Shopify
Shopify uses a custom project management and knowledge base tool called the Vault. All project work is tracked across four stages from Proposal to Prototype to Build and finally to Release. For a project to advance, it must be reviewed and approved by appropriate leaders within the company.
A tool that can't keep up
While effective as a single repository of project information, the Vault struggled as a tool for alignment.
In short, project reviews by company leaders took too long.
Rather than wait, teams often moved forward without critical feedback, risking valuable time and effort should their work not align with leadership's strategic vision.

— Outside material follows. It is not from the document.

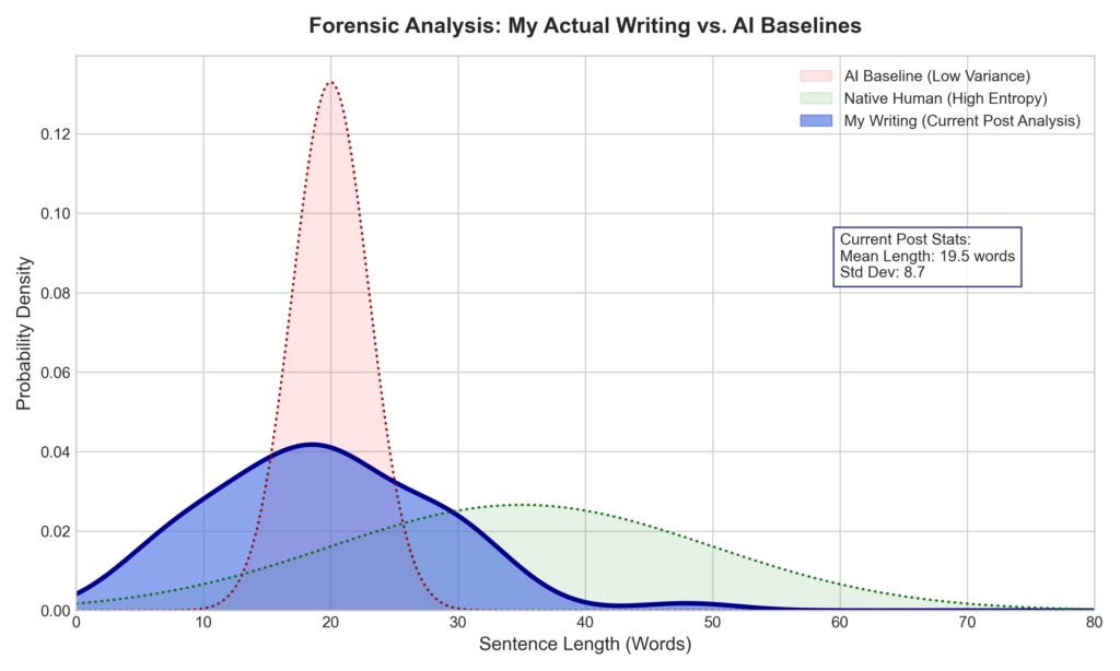 To demonstrate this, I analyzed the sentence length distribution of my current post (this very article). While I wrote this piece myself, I utilized slight AI assistance for editorial polishing. This hybrid context creates a perfect forensic test case. As a non-native English speaker, my writing style (Blue Line) prioritizes grammatical precision and clarity. The analysis reveals a mean sentence length of 19.5 words, which is strikingly close to the AI baseline (Red Line). However, my standard deviation is 8.7, significantly higher than the machine’s tight variance. This “False Positive” zone demonstrates how human intent—even when polished by algorithms—creates a statistical signature that commercial detectors frequently mistake for fully synthetic content.

As the lead designer on the Vault, I partnered with a team of 6 engineers over the course of 2 months to investigate this problem and redesign the project review process as a whole.
An opaque system
To get a more nuanced sense of what was hurting the review process, I interviewed 14 company leaders in 10 days. In these remote moderated sessions, I asked opened-ended questions to collect broad feedback in addition to showing specific pages to assess usability. I summarized my findings into 3 main areas of frustration.
Workflow
Reviewers needed a more discrete way to request changes; a simple yes or no wasn't adequate.
Awareness
Reviewers often questioned if the right people saw the project.
Speed
Reviewers couldn't say for sure as to why reviews took so long.
Optimizing for speed and accountability
Our goals reflected a focus on minimizing the time it took for projects to be reviewed and transitioned from one phase to the next.

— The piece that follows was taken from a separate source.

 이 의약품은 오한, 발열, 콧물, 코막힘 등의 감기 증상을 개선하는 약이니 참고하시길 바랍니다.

- Decrease time between review open and closed to 7 days
- Decrease reviewer response time to 4 days
- Increase reviewer response rate to 95%
Designing quickly
At the outset, the most obvious change to the review experience was to add a third option for reviewers to Request changes. This would discretely put accountability back on project champions and make it clear that the review needed revisions before moving forward.

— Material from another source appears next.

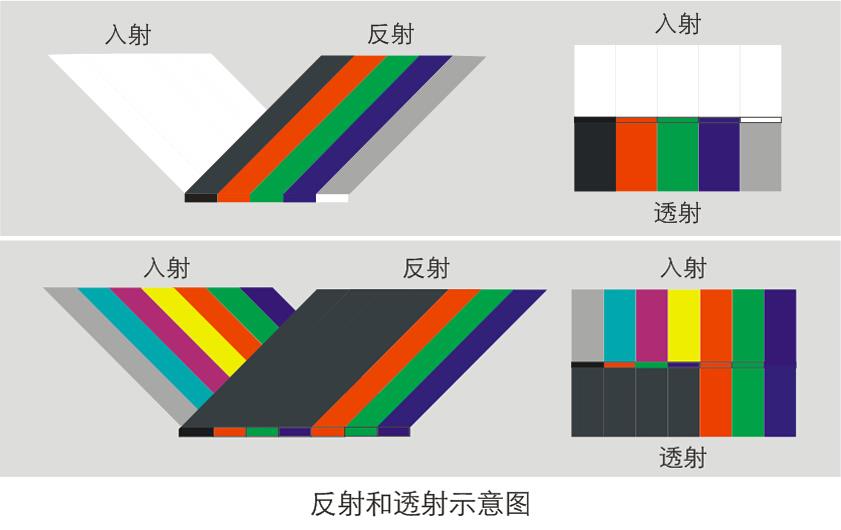 光が物体の表面に当たった場合、反射光の色は主に物体の表面の自然な色に対応し、光が透明な物体を通過した場合、透過光の色は主に透明体の色に対応する。 入射色が対象物自体の色と一致または近い場合、反射率や透過率は高くなり、逆に入射光が対象物の自然な色と対照的な色の場合、反射率や透過率は低くなります。

In terms of domain model, our team lead proposed a system that largely removed automatic reviewer assignments. Instead, project champions and other reviewers should be able to add and remove anyone at the company to review projects. This would promote accountability; all assigned reviewers were expected to take action or be removed.
Anchored by these changes, I explored several different ideas. With speed a priority and without a robust design system, I worked in wireframes.
Initial wireframe with additional radio buttons and review timeline.
Follow up wireframe with list of reviewers and tabs for jumping to page sections.
A single timeline
From a design perspective, one of the primary drawbacks of the current experience stemmed from the scattering of important actions. Reviewers had to interact with one area to review the project, another area to comment, and still other areas to pause and pre-approve. Interpreting everything and taking action required excessive jumping and cognitive load.
Based on conversations with other designers and our team lead, I pursued a single timeline of events.
Final design that pairs a single review timeline and feedback box with an editable list of reviewers.
In the new design, reviewers can read through a consolidated history of feedback and events before leaving their own feedback. All related actions are combined into one box.
In terms of accountability, the right rail prominently displays the status of the review and the reviewers assigned. Should a reviewer not be included in the review, they can easily be removed, skipping the timeline content entirely.
Resource links are pulled out for reviewers looking to dig deeper into specific deliverables. In my interviews, several reviewers expressed dismay that they had to hunt for this information.
Senior company leaders known as OK2 Reviewers are able to approve projects through multiple phases and advance projects immediately with a Force approve.
Because actions within the feedback box are role dependent, I made sure to design each state, suggesting specific helper text to clarify each action.
When opening a review, project champions are free to add any number of reviewers and project resources.
Within a week of launch, metrics showed clear improvement in review speed.